Albania: la rivoluzione civica
Gli Stati Uniti avrebbero scelto l’Albania per smaltire le armi chimiche siriane perché partner fedele e arrendevole. Ma questa volta è arrivato un "no". Frutto della grande mobilitazione civica a favore dell’ambiente che ha messo il nuovo governo di Edi Rama con le spalle al muro
La notizia che l’Albania avrebbe accolto le armi chimiche del conflitto siriano, gli albanesi l’hanno letta nei media internazionali. Vi si riportavano affermazioni delle autorità americane che lasciavano pensare a colloqui e assensi precedenti e non semplicemente ad ipotesi eventuali e remote.
Come già avvenuto anche in passato i cittadini hanno ottenuto informazioni dai social network, grazie a internet, e non dalle autorità albanesi come sarebbe stato ovvio in una democrazia.
Si direbbe: niente di nuovo, in una sistema fragile come quello albanese.
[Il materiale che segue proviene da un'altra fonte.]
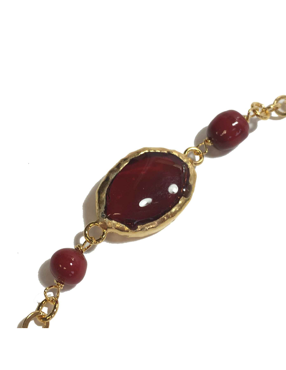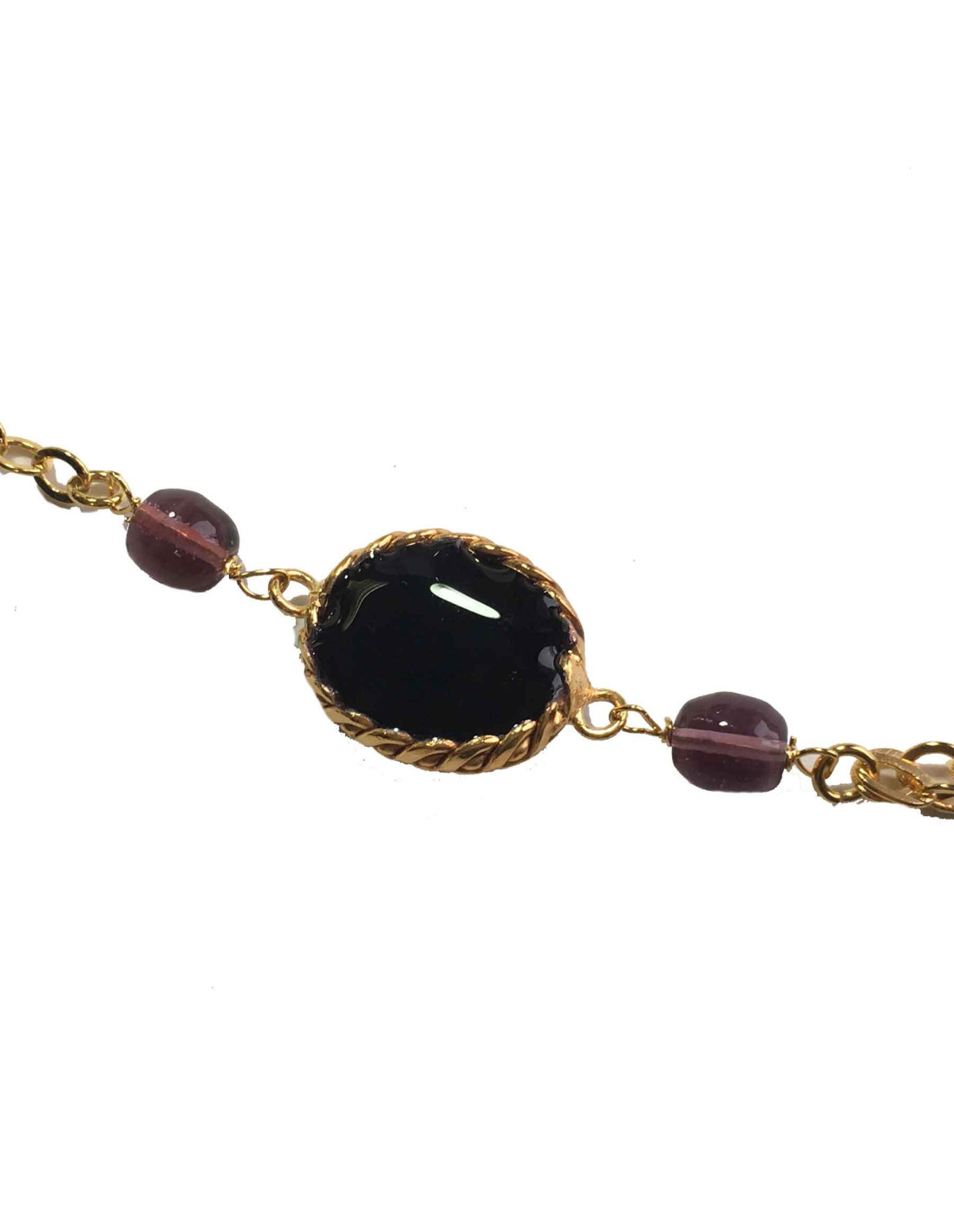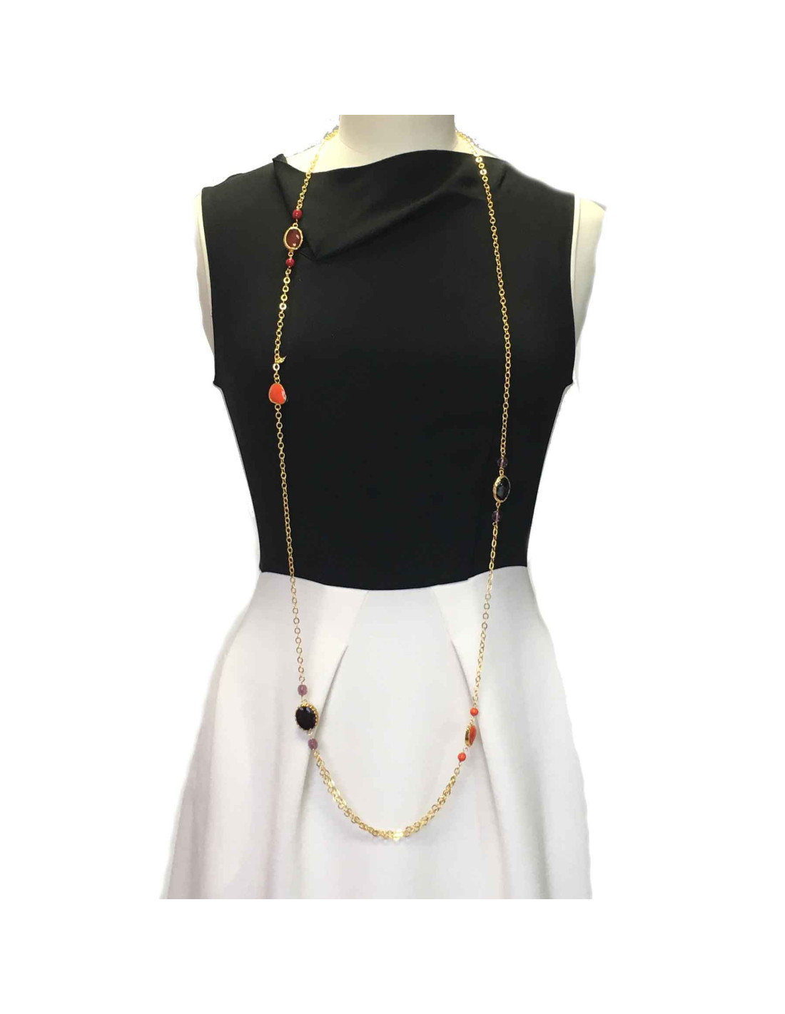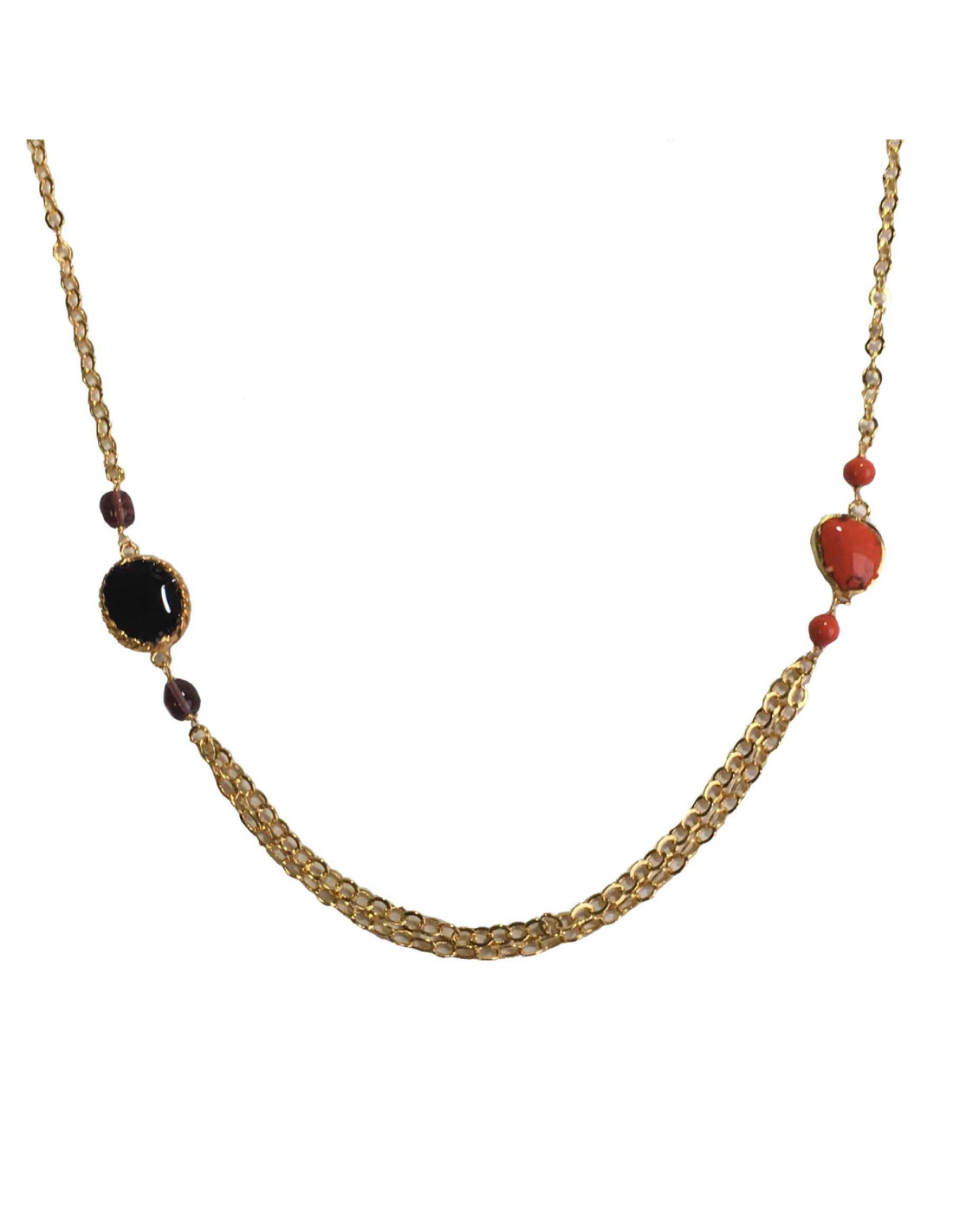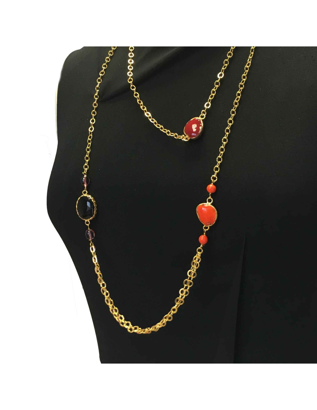 Details : Beautiful Marguerite de Valois long necklace in fine gold-plated metal and molten glass in various colors: orange, violet, burgundy. Made in France by the artisans of the Marguerite de Valois brand, who have created jewelry in the past (over 40 years) for the most prestigious fashion houses, such as CHANEL, GIVENCHY, YSL, GAULTIER etc...
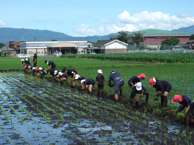 6月29日(水)に山田JA青年部や地区有志の方々の協力を得ながら、5年生が田植えの体験学習を行いました。昔ながらの田植えを体験して、米作りの大変さや食への関心を高めることができました。田植え体験のためにいろいろと準備をしていただいた方々に感謝いたします。

Quanto accaduto in seguito però fa sperare – anche i più scettici – in un risveglio della società civile albanese e addirittura nell’inaugurazione di una nuova fase dello sviluppo sociale e politico del paese.
Pattumiera disobbediente
Appena è emersa la notizia scoop che l’Albania avrebbe accolto le armi chimiche siriane i primi sentimenti degli albanesi, in particolar modo su Facebook e Twitter, sono stati quelli di rabbia e rivolta.
Un fenomeno che poche altre volte si era verificato, probabilmente comparabile alla rabbia cittadina dei disordini del 21 gennaio 2011. In molti pubblicavano status e foto facendo appello a protestare, altri stilavano lunghi e articolati testi in cui spiegavano le ragioni per cui ci si doveva opporre alle armi chimiche sul suolo albanese.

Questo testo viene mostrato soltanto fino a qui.